Wednesday, August 7, 2019

English teaching at primary level in India– Cultural Interference (published in HT Lko 5-8-19)


English teaching at primary level in India– Cultural Interference
(published in HT Lko 5-8-19)

It goes without saying that a language is embedded in culture. Let’s take the simple examples of two very common words – pranam and shanti. Can the whole matrix of these words be translated into English? The English words ‘greetings’ or ‘peace’ are but poor approximations to pranam and shanti. Even a  poet-philosopher of the stature of T S Eliot failed to get an English equivalent and used the Sanskrit word as it is – ‘Shantih shantih shantih’ in his great poem – The Waste Land. A language, thus, cannot import the subtle connotations of another language.

The effect of cultural interference is clearly felt in the teaching of English in a vernacular setting such as the state of U.P.  The fact is that in the rural hinterlands English is not even the second language; it is practically the third language, as the local dialects (Awadhi, Bhojpuri, Braj…) are the first and, Khadi Hindi (standard Hindi) is the second language. In this scenario, where even the teacher is essentially a Hindi speaking person (though may be knowledgeable in English); the language-reinforcement crisis for the child is so evident.

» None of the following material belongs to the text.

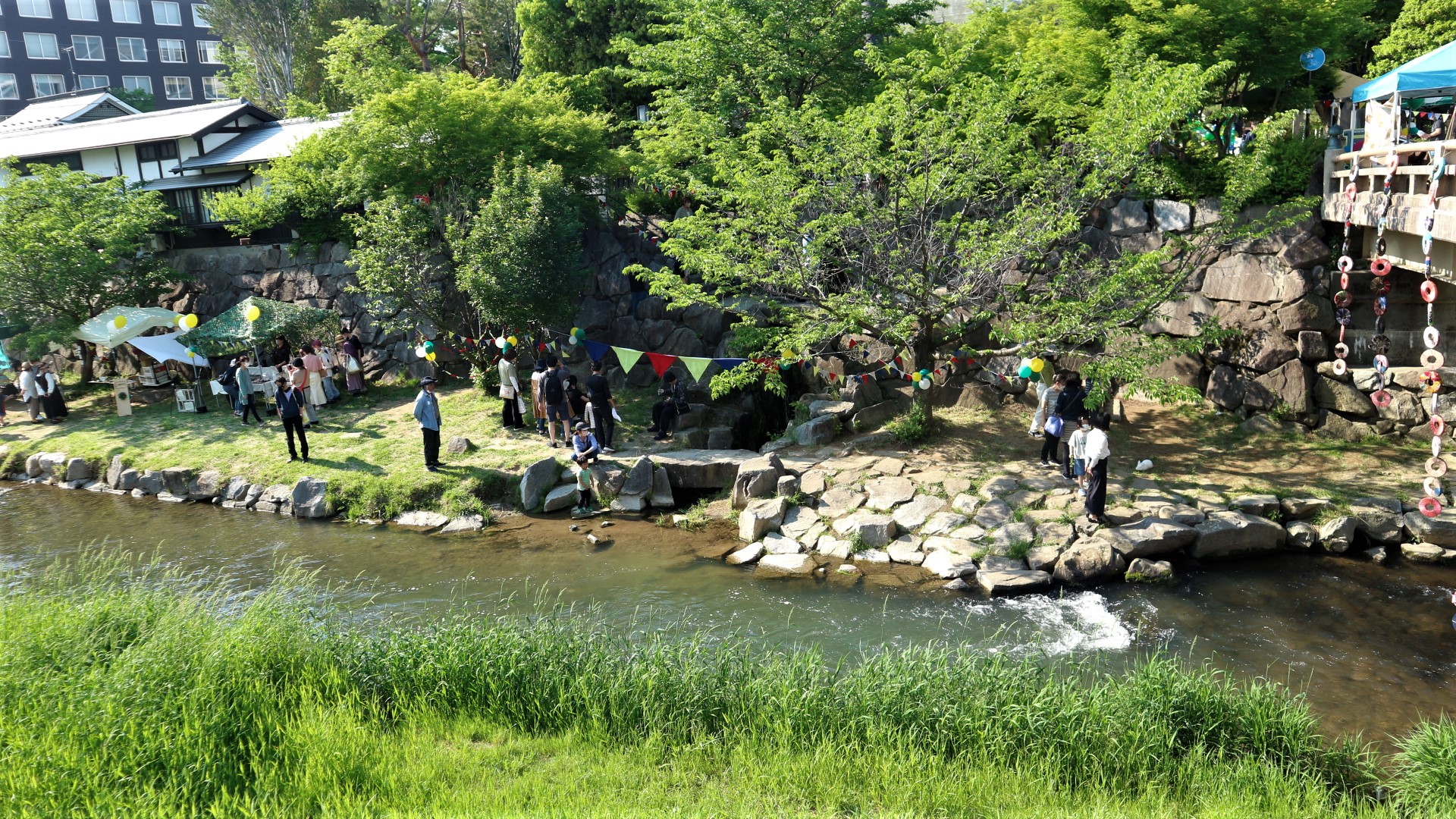 5月22日(日)9時~17時 3年ぶりに女鳥羽川水辺・幸橋・縄手通りで水辺のマルシェが行われました。
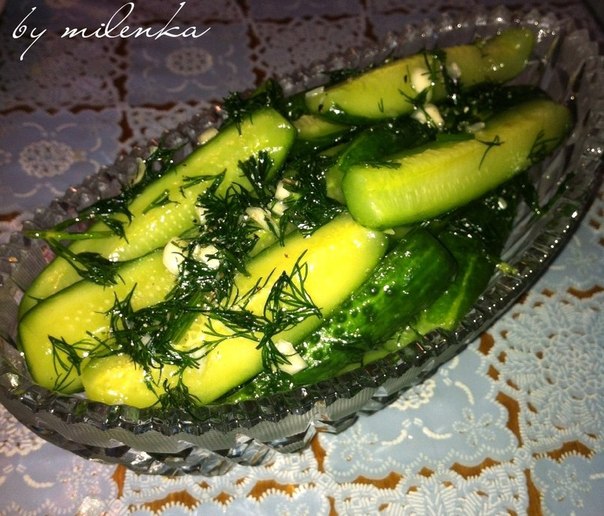 Измельчить ческок, нарезать укроп и добавить к огурцам. Хорошо перемешать и оставить на 3 — 4 часа.

Culture and communication are intertwined and it determines how people encode messages, the meanings they have for messages and, how they get interpreted.  For instance, as different from the West, in our country,  a teacher or elder is not addressed by his name/surname, instead, family friends are identified through some relationship – 'Uncle', 'Aunty', 'Chacha', 'Mama' etc. and, in Hindi, there are two different ways of addressing an elder and the younger – 'Aap' (for former) and 'Tum' (for younger). 

Associative contexts in which a word is used in a place might evoke a different understanding of that word. The word 'darling', I remember, raised shy smiles among us when a teacher addressed a student lovingly by this term. As 10 years old, in the early 80s we had heard it being used in the Hindi films in only one connotation. The various nuances of meaning given to the word ‘sexy’, ranging from obscenity to aesthetics, are only a matter of one’s cultural environs. Can someone in India, whose experience of a summer’s day is of a scorching sun and hot loo, compare his beloved like Shakespeare does in his sonnet- ‘Shall I compare thee to the summer’s day’!

All our educational philosophers have been advocates of primary learning in our mother tongues.  Tagore, in his celebrated essay “The Centre of Indian Culture”, wrote that a foreign language makes education 'nebulously distant and unreal, (because it is) so detached from all our associations of life, so terribly costly to us in time, health and means, and yet so meager of results.’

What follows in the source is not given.